* Records shown:
————————
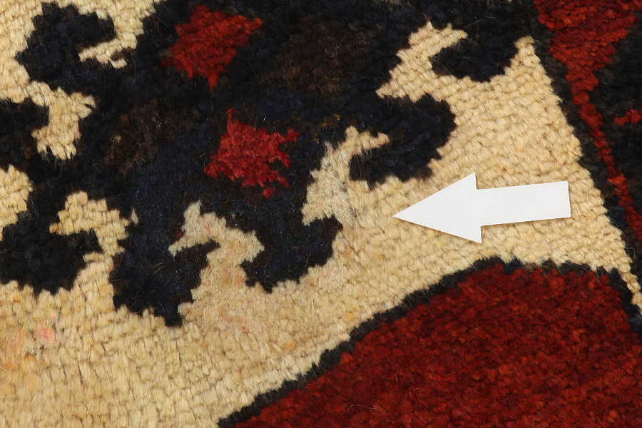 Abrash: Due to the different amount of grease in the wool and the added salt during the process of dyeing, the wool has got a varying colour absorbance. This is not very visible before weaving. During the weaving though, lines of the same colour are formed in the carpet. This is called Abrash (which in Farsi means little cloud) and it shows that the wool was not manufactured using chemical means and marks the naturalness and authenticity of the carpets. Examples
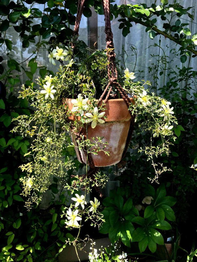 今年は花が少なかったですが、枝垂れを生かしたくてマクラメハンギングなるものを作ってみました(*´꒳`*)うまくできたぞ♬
————————
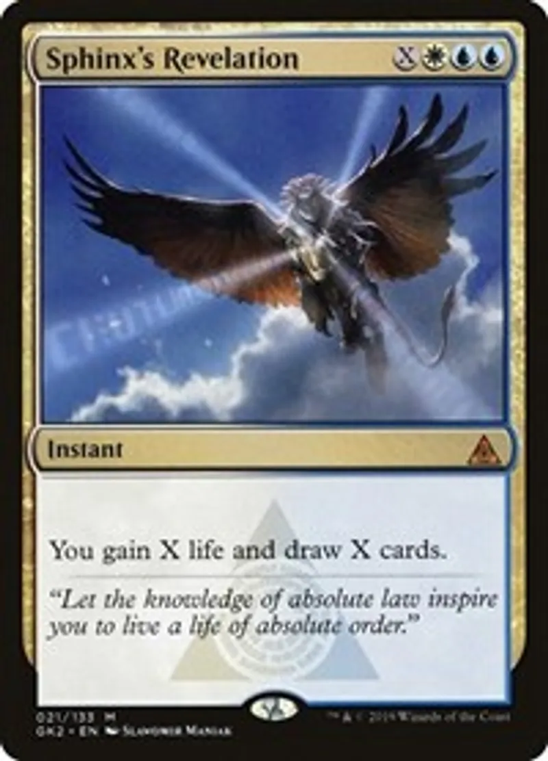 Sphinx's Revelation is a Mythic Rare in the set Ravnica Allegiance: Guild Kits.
————————
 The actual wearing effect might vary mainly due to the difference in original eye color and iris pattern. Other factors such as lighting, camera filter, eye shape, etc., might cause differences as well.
————————
* Activity: Retype, exactly and with no pictures, everything above from the line with "Abrash: Due to" down to the line with "今年は花が少なかったですが、", both included.

* Expected answer:
 Abrash: Due to the different amount of grease in the wool and the added salt during the process of dyeing, the wool has got a varying colour absorbance. This is not very visible before weaving. During the weaving though, lines of the same colour are formed in the carpet. This is called Abrash (which in Farsi means little cloud) and it shows that the wool was not manufactured using chemical means and marks the naturalness and authenticity of the carpets. Examples
 今年は花が少なかったですが、枝垂れを生かしたくてマクラメハンギングなるものを作ってみました(*´꒳`*)うまくできたぞ♬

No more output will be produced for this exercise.